# REQUIREMENT
You are asked to copy the entire listing exactly, apart from its pictures.

# DATA BELOW
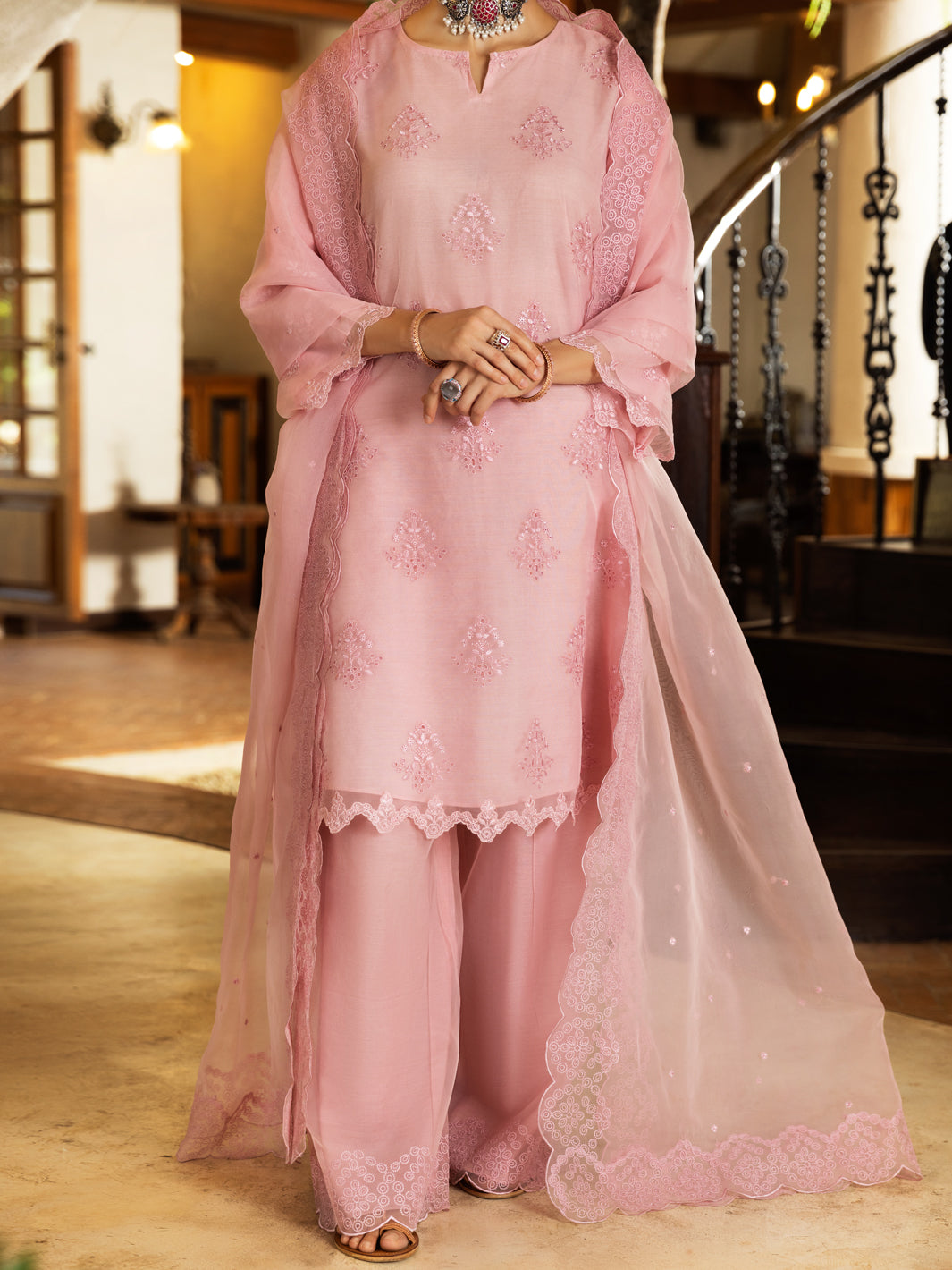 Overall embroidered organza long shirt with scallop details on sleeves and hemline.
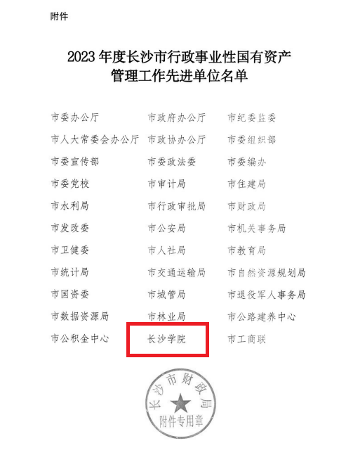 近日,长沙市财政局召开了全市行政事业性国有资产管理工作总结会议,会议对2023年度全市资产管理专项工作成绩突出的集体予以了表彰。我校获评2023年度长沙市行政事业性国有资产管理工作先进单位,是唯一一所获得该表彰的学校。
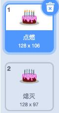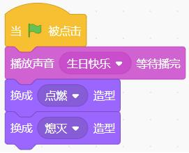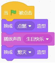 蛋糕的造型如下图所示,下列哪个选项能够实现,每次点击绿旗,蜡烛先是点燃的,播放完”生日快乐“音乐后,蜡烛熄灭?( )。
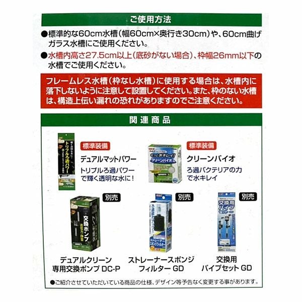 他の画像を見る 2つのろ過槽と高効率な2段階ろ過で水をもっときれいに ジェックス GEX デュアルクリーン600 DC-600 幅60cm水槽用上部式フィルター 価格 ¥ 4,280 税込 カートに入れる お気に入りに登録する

# SOLUTION
 Overall embroidered organza long shirt with scallop details on sleeves and hemline.
 近日,长沙市财政局召开了全市行政事业性国有资产管理工作总结会议,会议对2023年度全市资产管理专项工作成绩突出的集体予以了表彰。我校获评2023年度长沙市行政事业性国有资产管理工作先进单位,是唯一一所获得该表彰的学校。
 蛋糕的造型如下图所示,下列哪个选项能够实现,每次点击绿旗,蜡烛先是点燃的,播放完”生日快乐“音乐后,蜡烛熄灭?( )。
 他の画像を見る 2つのろ過槽と高効率な2段階ろ過で水をもっときれいに ジェックス GEX デュアルクリーン600 DC-600 幅60cm水槽用上部式フィルター 価格 ¥ 4,280 税込 カートに入れる お気に入りに登録する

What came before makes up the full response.